THE CONSTITUTIONAL COURT OF
THE REPUBLIC OF LITHUANIA

R UL I N G

On the compliance of the second paragraph of Article 148 of the Criminal Code of the Republic of Lithuania as well as Items 1 and 2 of Article 93 of the Code of Criminal Procedure of the Republic of Lithuania with the Constitution of the Republic of Lithuania

13 December 1993, Vilnius

The Constitutional Court of the Republic of Lithuania, composed of the Justices of the Constitutional Court: Algirdas Gailiūnas, Kęstutis Lapinskas, Zigmas Levickis, Vladas Pavilonis, Pranas Vytautas Rasimavičius, Stasys Stačiokas, Teodora Staugaitienė, Stasys Šedbaras and Juozas Žilys

The court reporter—Rolanda Stimbirytė

The Constitutional Court of the Republic of Lithuania, pursuant to Paragraph 1 of Article 102 of the Constitution of the Republic of Lithuania and Paragraph 1 of Article 1 of the Law on the Constitutional Court, in its public court hearing considered case No. 7 subsequent to the petition submitted to the Court by the Criminal College of the Supreme Court of the Republic of Lithuania requesting an investigation into the conformity of the norms of the Criminal Code providing for the confiscation of property and Items 1 and 2 of Article 93 of the Code of Criminal Procedure, with the Constitution of the Republic of Lithuania.

The Constitutional Court

has established:

On 31 March 1993, the Criminal College of the Supreme Court, considered the criminal case concerning the writ of appeal, submitted by convict A. Vorobjovas, against the sentence of Šiauliai District Court, adopted on 18 January 1993, in compliance with which he was sentenced according to Paragraph 2, Article 250, Paragraphs 2 and 3, Article 146, Paragraph 2 of Article 90, Paragraph 2 of Article 148 and Paragraph 1 of Article 153 of the Criminal Code. By summing up the sentences, the final sentence—imprisonment for the term of six years along with the confiscation of property—has been ordered. Together with the remaining unserved prison term upon the earlier sentence, the final punishment—imprisonment for the term of seven years in the Strict Regime Correctional Labour Colony, along with the confiscation of property—has been ordered. By the same decision other persons were convicted but no complaints or protests against it with respect to them have been lodged.

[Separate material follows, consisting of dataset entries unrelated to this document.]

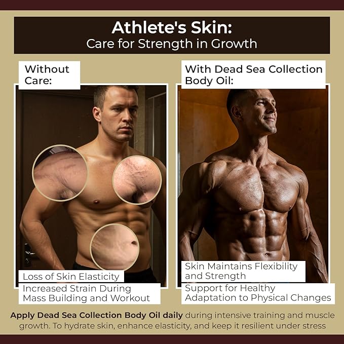 - For Athletes & Teenagers: The body oil is perfect for athletes and teenagers whose skin may stretch due to rapid growth or intense physical activity. It helps maintain skin elasticity and prevents overstretching during periods of rapid physical change. The product supports the skin after exercise, keeping it firm and healthy, which is particularly important during periods of body transformation.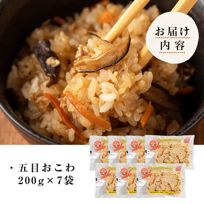 かまどと薪で炊き上げた具材たっぷりの五目おこわをお届け! 五目おこわ 200g×7食 かまど炊き おこわ パックご飯 小分け 冷凍 もち米 電子レンジ 【笠原餅店】ta313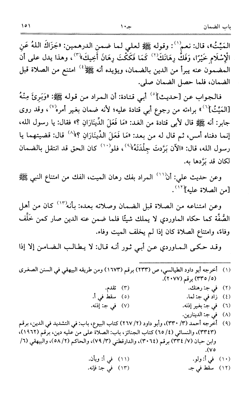 فالجواب عن [حديث] أبي قتادة: أن المراد من قوله صلى الله عليه وسلم: "وَبَرِئَ مِنْهُ [المَيِّتُ] " براءته من رجوع أبي قتادة عليه؛ لأنه ضمان بغير أمره، وقد روى جابر: أنه صلى الله عليه وسلم قال لأبي قتادة من الغد: "مَا فَعَل الدِّينَارَانِ؟ " فقال: يارسول الله، إنما دفناه أمس، ثم قال له من بعد: "مَا فَعَل الدِّينَارَانِ؟ " قال: قضيتهما يا رسول الله، قال: "الآن بَرَّدتَ جِلْدَتَه"، فلو كان الحق قد انتقل بالضمان لكان قد بَرَّدها به.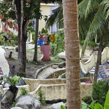 The resort seems to be very old, it might have been a nice place but long time ago. The place has a tropical vibe, it’s green, the pool is big (we were unlucky the water was cold), but there are some ruined buildings around and rooms are smelly. When we checked in there was hair in the bathtub and some strains in the bathroom. Everything looked dusty.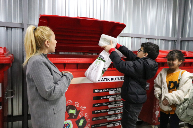 Öğrenciler, Atık Getirme Merkezi’ni de gezerek, atıkların toplanmasından ayrıştırılmasına ve yeniden ekonomiye kazandırılmasına kadar geçen süreci yerinde inceleyerek bilgi edindi.

The Criminal College of the Supreme Court, upon the investigation into the lawfulness and the validity of said judgement, by its own decision suspended the investigation of said criminal case and addressed the Constitutional Court with the petition requesting an investigation into the compliance of the norms of the Criminal Code providing for the confiscation of property, as well as Items 1 and 2 of Article 93 of the Code of Criminal Procedure with Article 23 of the Constitution of the Republic of Lithuania.

In the decision, the Criminal College of the Supreme Court grounds their request on the fact that A. Vorobjovas by the ruling of Šiauliai District Court, in conformity with the second paragraph of Article 148 of the Criminal Code, besides the main punishment—imprisonment—has been subjected to a supplementary penalty—confiscation of property. It is established in Article 23 of the Constitution of the Republic of Lithuania that: “Property shall be inviolable”, thus, the Court of Cassation has doubts whether the norms of Criminal Code providing for the confiscation of property are in compliance with said Article of the Constitution.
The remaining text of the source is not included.